▶ **Given data**:
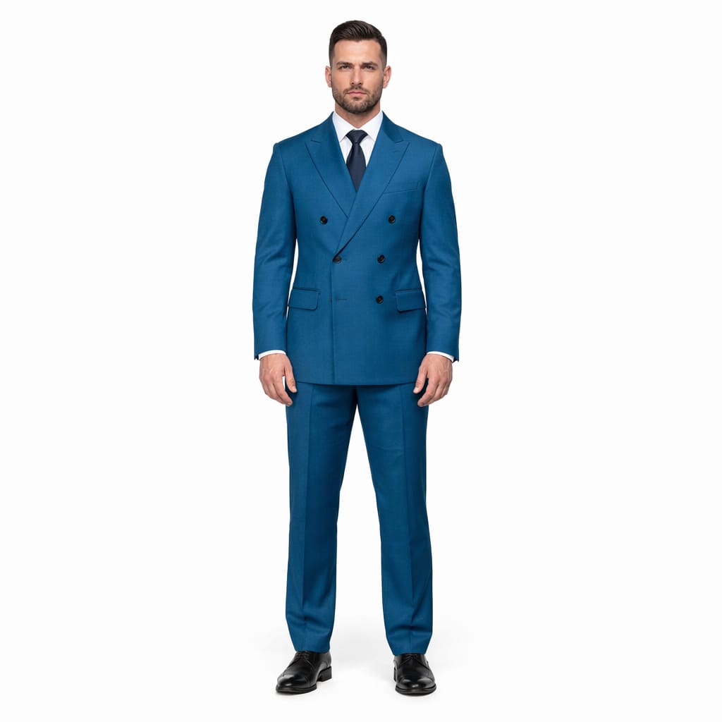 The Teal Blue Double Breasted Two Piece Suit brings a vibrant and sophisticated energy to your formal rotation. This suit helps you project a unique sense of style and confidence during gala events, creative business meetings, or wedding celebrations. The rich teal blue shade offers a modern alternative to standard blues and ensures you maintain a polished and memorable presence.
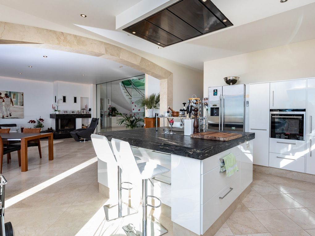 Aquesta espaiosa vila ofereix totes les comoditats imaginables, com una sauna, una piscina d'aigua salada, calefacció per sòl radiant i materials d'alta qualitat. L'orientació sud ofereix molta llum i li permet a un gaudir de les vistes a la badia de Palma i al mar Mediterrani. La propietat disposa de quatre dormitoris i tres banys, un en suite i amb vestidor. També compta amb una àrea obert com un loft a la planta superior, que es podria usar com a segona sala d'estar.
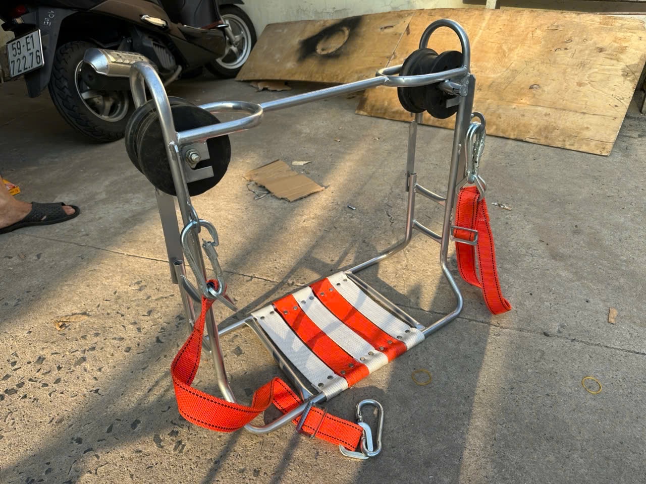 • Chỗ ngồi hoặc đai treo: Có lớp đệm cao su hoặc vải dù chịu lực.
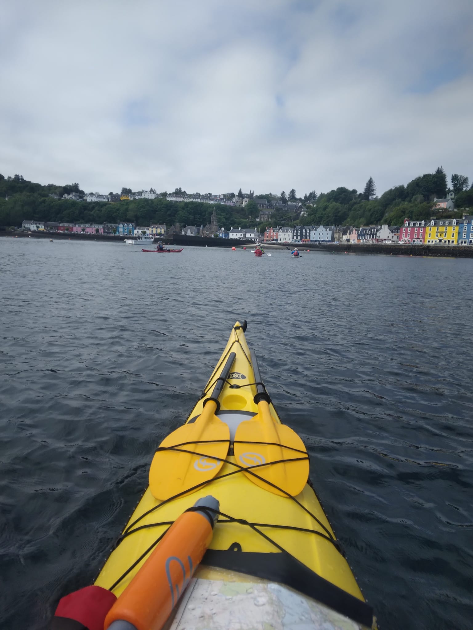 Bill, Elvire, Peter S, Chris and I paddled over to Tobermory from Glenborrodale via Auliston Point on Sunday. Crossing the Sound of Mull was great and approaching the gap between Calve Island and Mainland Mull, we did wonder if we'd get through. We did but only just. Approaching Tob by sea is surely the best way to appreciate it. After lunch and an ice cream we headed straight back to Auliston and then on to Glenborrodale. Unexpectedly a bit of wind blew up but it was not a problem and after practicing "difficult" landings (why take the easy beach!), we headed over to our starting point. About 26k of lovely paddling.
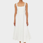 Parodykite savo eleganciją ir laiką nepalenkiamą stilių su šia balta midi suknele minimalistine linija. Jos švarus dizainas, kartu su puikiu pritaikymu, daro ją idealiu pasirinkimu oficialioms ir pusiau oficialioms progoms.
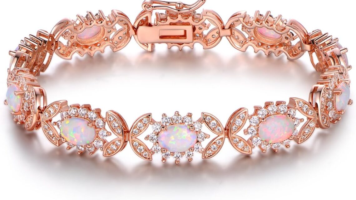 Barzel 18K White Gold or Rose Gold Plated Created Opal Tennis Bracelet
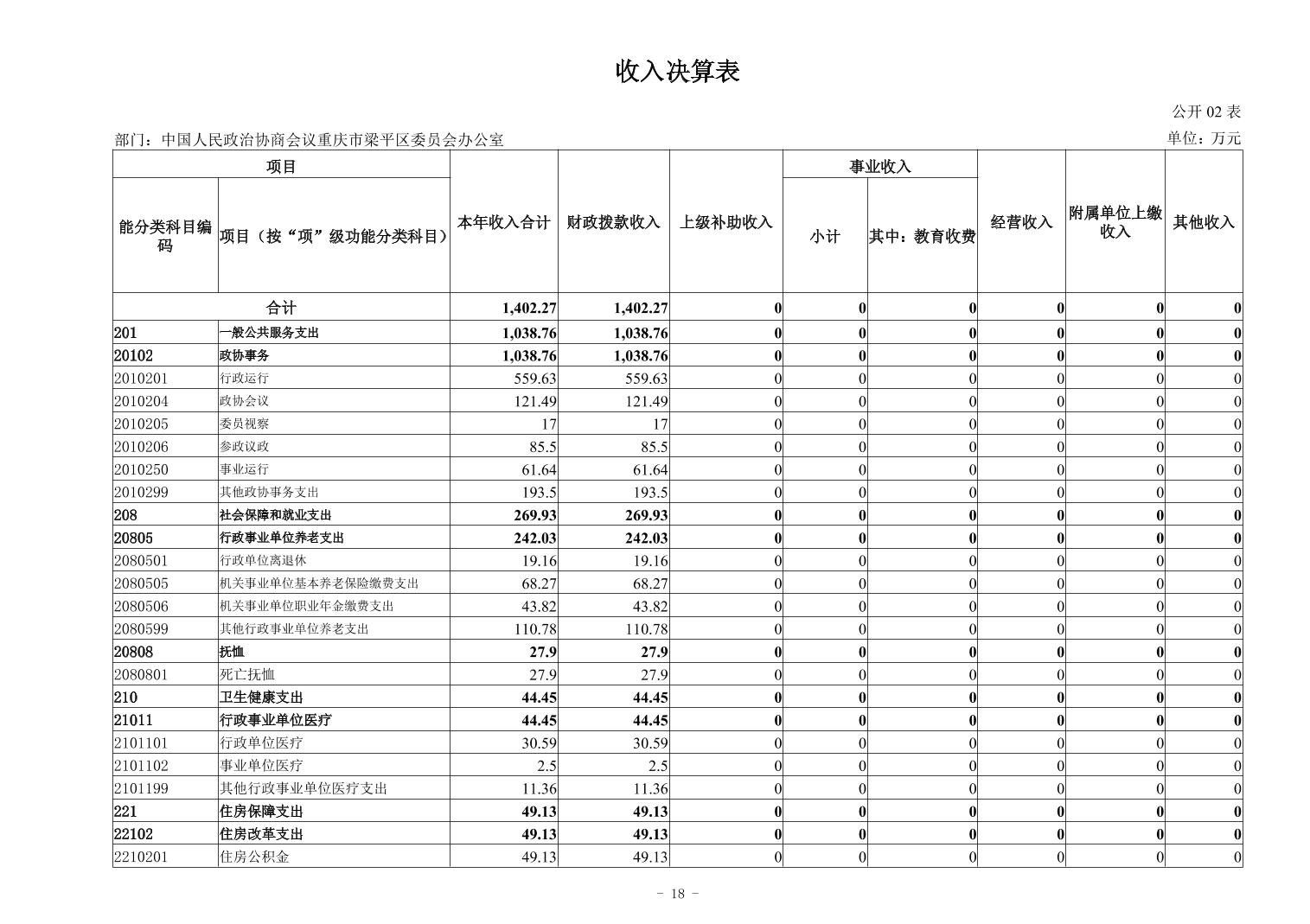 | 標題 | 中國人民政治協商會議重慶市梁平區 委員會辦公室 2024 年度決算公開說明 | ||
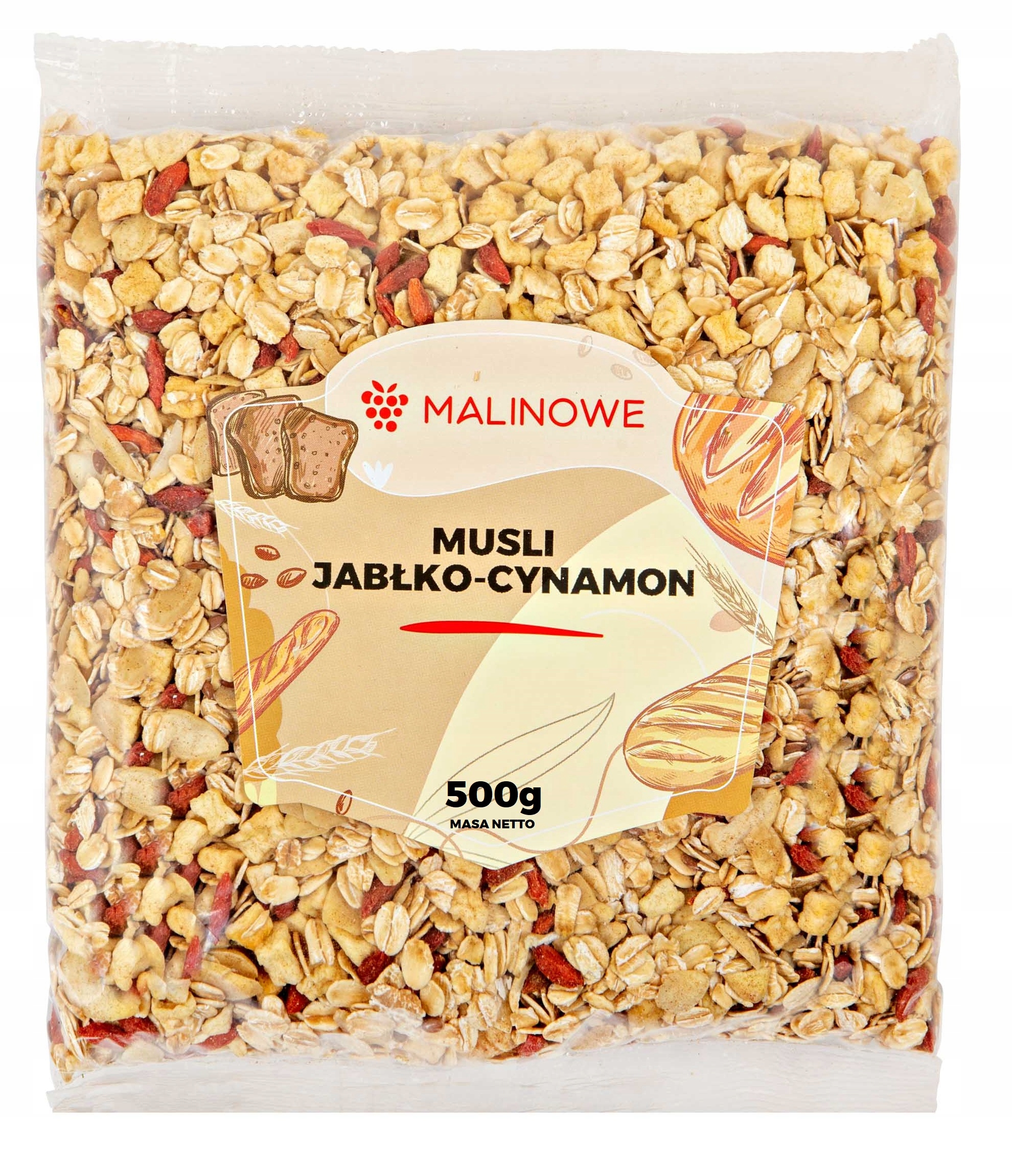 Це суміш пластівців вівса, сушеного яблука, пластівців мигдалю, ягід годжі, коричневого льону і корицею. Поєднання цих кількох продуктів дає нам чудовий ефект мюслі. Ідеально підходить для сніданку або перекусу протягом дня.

--

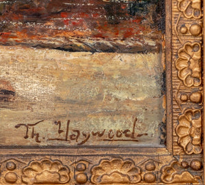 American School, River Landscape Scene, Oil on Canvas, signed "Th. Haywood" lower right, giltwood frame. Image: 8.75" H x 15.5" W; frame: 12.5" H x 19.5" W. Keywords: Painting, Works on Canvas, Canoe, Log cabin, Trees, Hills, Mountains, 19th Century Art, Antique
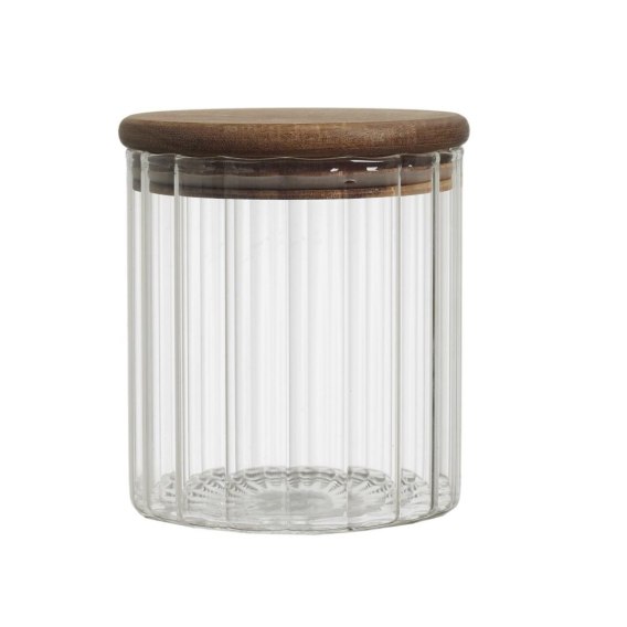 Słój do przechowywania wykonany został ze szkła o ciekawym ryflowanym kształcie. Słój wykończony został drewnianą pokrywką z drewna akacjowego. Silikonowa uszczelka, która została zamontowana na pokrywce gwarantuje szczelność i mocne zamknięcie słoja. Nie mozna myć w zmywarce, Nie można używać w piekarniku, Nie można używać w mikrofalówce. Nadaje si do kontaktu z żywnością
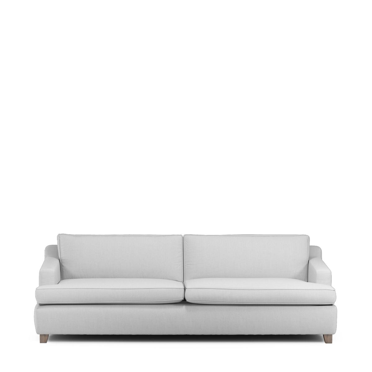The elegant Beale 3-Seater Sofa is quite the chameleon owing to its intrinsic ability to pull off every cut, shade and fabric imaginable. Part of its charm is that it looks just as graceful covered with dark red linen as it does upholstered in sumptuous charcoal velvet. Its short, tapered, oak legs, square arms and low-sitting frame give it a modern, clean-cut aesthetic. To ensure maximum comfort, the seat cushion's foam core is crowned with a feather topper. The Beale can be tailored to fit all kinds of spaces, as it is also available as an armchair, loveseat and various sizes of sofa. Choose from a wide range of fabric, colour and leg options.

▶ **Work request**:
Repeat exactly the stretch of the listing above that starts with the line holding "Barzel 18K White" and finishes with the line holding "Це суміш пластівців", both included. Skip every picture.

▶ **Solution to this problem**:
 Barzel 18K White Gold or Rose Gold Plated Created Opal Tennis Bracelet
 | 標題 | 中國人民政治協商會議重慶市梁平區 委員會辦公室 2024 年度決算公開說明 | ||
 Це суміш пластівців вівса, сушеного яблука, пластівців мигдалю, ягід годжі, коричневого льону і корицею. Поєднання цих кількох продуктів дає нам чудовий ефект мюслі. Ідеально підходить для сніданку або перекусу протягом дня.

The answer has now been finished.